(Source records)
──────────
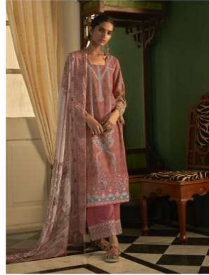
D. No. 8887
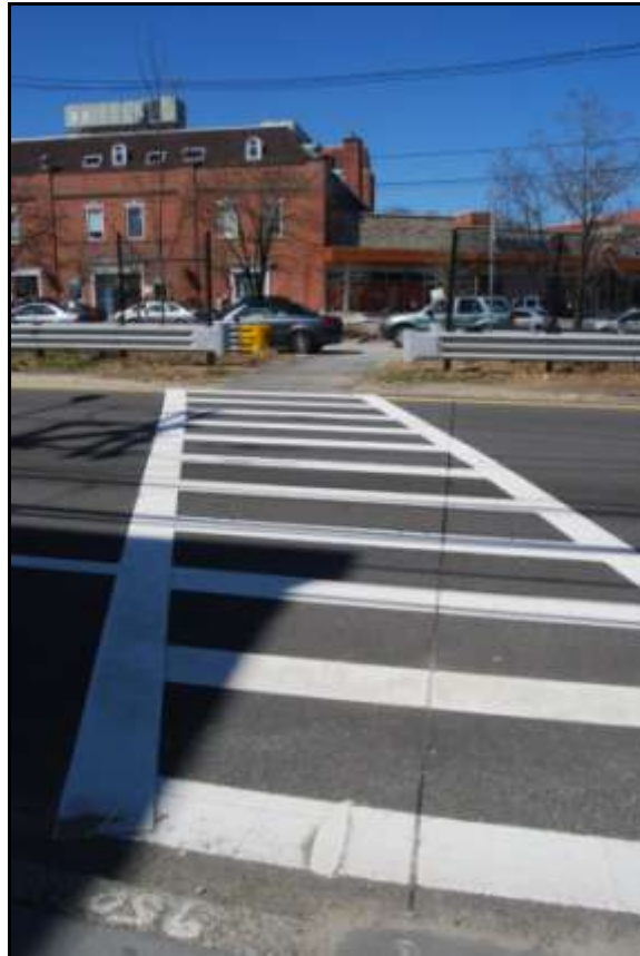
Figure 3: Un-signalized Crossing on Route 9

Recommendation: Implement a walking light. Alternatively, we recommend implementing a walking light, stopping traffic on both sides of Route 9, and allowing pedestrians to cross safely.
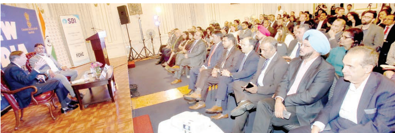
A view of the audience
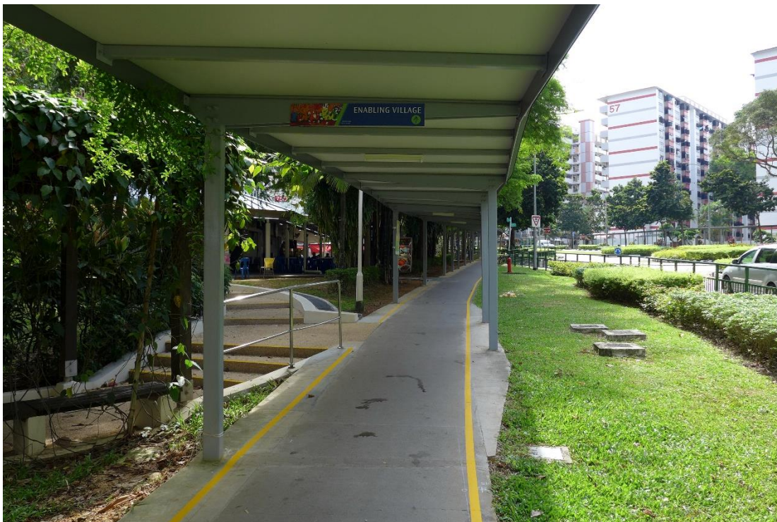
Directional signage and edge markings along footpath to Enabling Village
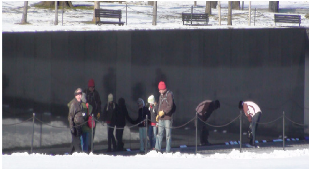
Figure 16. Practices of Solitary and Group Memorialization. 373
──────────
Your copy should match the records above word for word, but without images.

D. No. 8887
Figure 3: Un-signalized Crossing on Route 9

Recommendation: Implement a walking light. Alternatively, we recommend implementing a walking light, stopping traffic on both sides of Route 9, and allowing pedestrians to cross safely.
A view of the audience
Directional signage and edge markings along footpath to Enabling Village
Figure 16. Practices of Solitary and Group Memorialization. 373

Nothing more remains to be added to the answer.